Preenchimento, preenchimento negativo e o refletor de cartão de $8
A segunda "luz" normalmente nem sequer é uma luz.
Uma placa de esferovite branca encostada do lado oposto à luz principal devolve um pouco de iluminação ao lado da sombra, abrindo detalhe sem criar uma segunda sombra. Custo: cerca de $8 em qualquer loja de material de artes. Faz 80% do que faz um segundo flash de estúdio, por 2% do preço.

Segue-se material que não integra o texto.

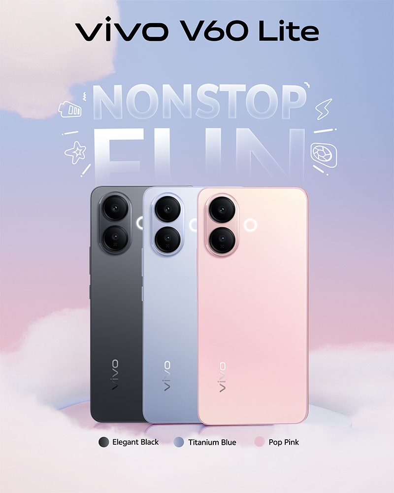 នៅថ្ងៃនេះ ក្រុមហ៊ុន vivo បានប្រកាសចេញផ្សាយស្មាតហ្វូន V60 Lite និងបើកលក់ជាផ្លូវការ ដើម្បីបង្កើតបទពិសោធន៍កម្សាន្តគ្មានដែនកំណត់ថ្មី លើទូរស័ព្ទដៃV60 Lite ។ V60 Lite ត្រូវបានរចនាឡើងជាមួយពណ៌ Pop Pink, Titanium Blue និង ElegantBlack។

Vire-a para o preto — preenchimento negativo — e aprofunda as sombras. É essa a jogada para bife, chocolate, whisky, cerâmica escura e tudo aquilo que quer que se leia como sofisticado em vez de alegre. As nossas páginas de fotografia de bife e de fotografia de cocktails mostram o que esse contraste faz a pratos específicos.
Um difusor entre a luz e a comida completa o kit. Um chapéu de chuva translúcido de $15, uma cortina de duche translúcida ou uma folha de papel vegetal colada a uma estrutura servem todos. A luz dura é o inimigo; tudo o que a espalhe vai ajudar.

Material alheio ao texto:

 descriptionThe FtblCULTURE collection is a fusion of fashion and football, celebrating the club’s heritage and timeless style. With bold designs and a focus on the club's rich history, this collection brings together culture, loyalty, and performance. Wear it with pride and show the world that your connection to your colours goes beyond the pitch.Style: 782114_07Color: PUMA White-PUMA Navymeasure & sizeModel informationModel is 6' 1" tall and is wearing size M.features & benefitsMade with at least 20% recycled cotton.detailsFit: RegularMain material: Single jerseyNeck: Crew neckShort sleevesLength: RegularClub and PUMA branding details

Depois de montado, deixe este esquema montado. Quem consegue imagens consistentes com um kit de duas luzes são as pessoas que marcaram com fita as pernas do tripé e os pés de iluminação, para que as fotos do mês que vem batam certo com as do mês passado sem reinventar a geometria. Usar sempre o mesmo canto vale mais do que qualquer atualização de equipamento.
Fotografar ligado ao computador: o hábito profissional que vale a pena roubar
Fotografar ligado ao computador (tethering) significa ligar um cabo USB da máquina fotográfica a um portátil, para que cada foto apareça num ecrã grande no instante em que a dispara. Os fotógrafos de comida profissionais fazem isto em praticamente todos os trabalhos comerciais e, no trabalho de menu, é a mudança de fluxo de trabalho com maior valor que existe.

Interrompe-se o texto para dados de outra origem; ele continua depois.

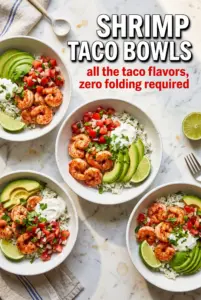 Juicy shrimp, warm rice, crisp cabbage, and cool crema make these shrimp taco bowls feel bright and complete without a lot of kitchen fuss. The shrimp cook fast, but they still carry plenty of smoky chili-lime flavor, and the rest of the bowl gives you all the contrast that keeps each bite interesting. It’s the kind of dinner that looks impressive laid out on the counter and still comes together in the time it takes the rice to heat.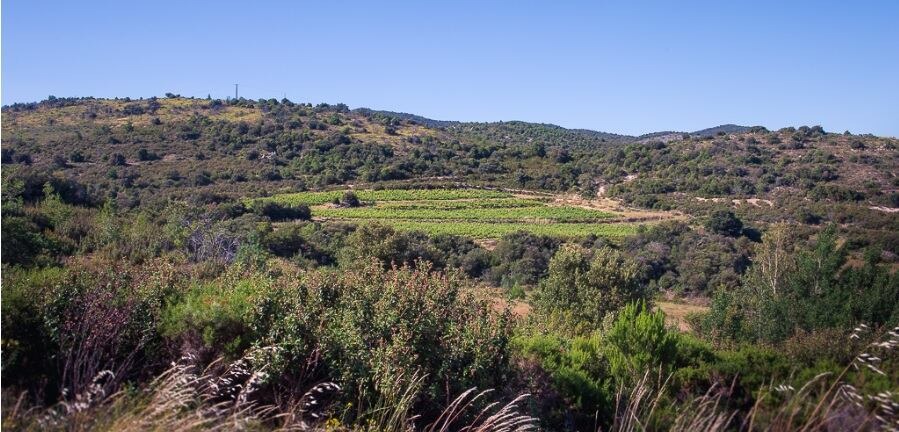 畑はエスタジェル周辺、標高350〜400mの花崗岩を主とする土壌に位置し、この標高と花崗岩質の土壌が、南仏の強い太陽の下でありながらも、ワインに「フレッシュさ」と「ミネラル感」をもたらします。彼は創業当初から、認証こそ取っていませんが、ビオディナミと有機農法の原則に従い、畑の生命力を高めることを最優先しています。

A razão é brutalmente simples: um LCD traseiro de 3 polegadas mente. Nesse ecrã, tudo parece nítido e tudo parece limpo. Num portátil de 15 polegadas vê imediatamente a migalha na borda do prato, a dedada no copo, a erva aromática que começou a murchar há quatro minutos e o foco que caiu 2cm atrás do sítio onde o queria.
Descobrir esses problemas com o prato ainda à sua frente custa trinta segundos. Descobri-los em casa custa uma nova sessão.
Há um segundo benefício que conta num restaurante em funcionamento. O chef pode ficar ao lado do portátil e aprovar o empratamento em tempo real. Essa conversa — "o molho tem de ir para o outro lado", "essa decoração lê-se castanha no ecrã" — não acontece se estiver curvado sobre um visor.
Na prática: a maioria das DSLR feitas na última década liga-se por USB ao Lightroom Classic ou ao Capture One, ambas aplicações de computador pagas. Vai querer um cabo de 5m em vez do de 1m que vem na caixa, uma braçadeira para o conector não sofrer esforço e o portátil numa superfície separada da mesa onde fotografa.
Se vai fotografar mais do que cerca de oito pratos numa sessão, ligue a máquina ao portátil. Abaixo disso, o tempo de montagem não compensa mesmo — vai demorar mais a procurar o cabo certo do que aquilo que poupa. O nosso guia de fotografia de menu trata do resto do planeamento da lista de fotos que faz uma sessão destas correr depressa.
Uma ressalva: nem todas as máquinas se dão bem com todas as versões do software, e os corpos Nikon e Canon mais antigos precisam por vezes de um controlador específico. Teste a ligação na véspera, e não com um chef à espera com um prato de vieiras.
Cabo a sair de uma DSLR num tripé, passando por uma braçadeira até um carrinho com portátil, o esquema para fotografar ligado ao computador em trabalho de menu
Uma sessão de menu com 12 pratos, do início ao fim
Ninguém publica os tempos, por isso aqui ficam com honestidade. Isto é uma renovação completa de menu feita como deve ser com uma DSLR, por uma pessoa competente que não é profissional.
Doze pratos empratados alinhados num passe de cozinha em inox com um cartão cinzento, prontos para um dia completo de fotografia de menu
Antes do dia (60–90 min). Combine a lista de fotos com o chef. Decida superfícies e adereços. Carregue baterias, formate cartões, faça as malas.
Montagem (45–60 min). Liberte um canto, monte a mesa, posicione a luz principal e o difusor, coloque o tripé, fotografe um cartão cinzento, acerte a exposição de base, confirme a ligação ao portátil.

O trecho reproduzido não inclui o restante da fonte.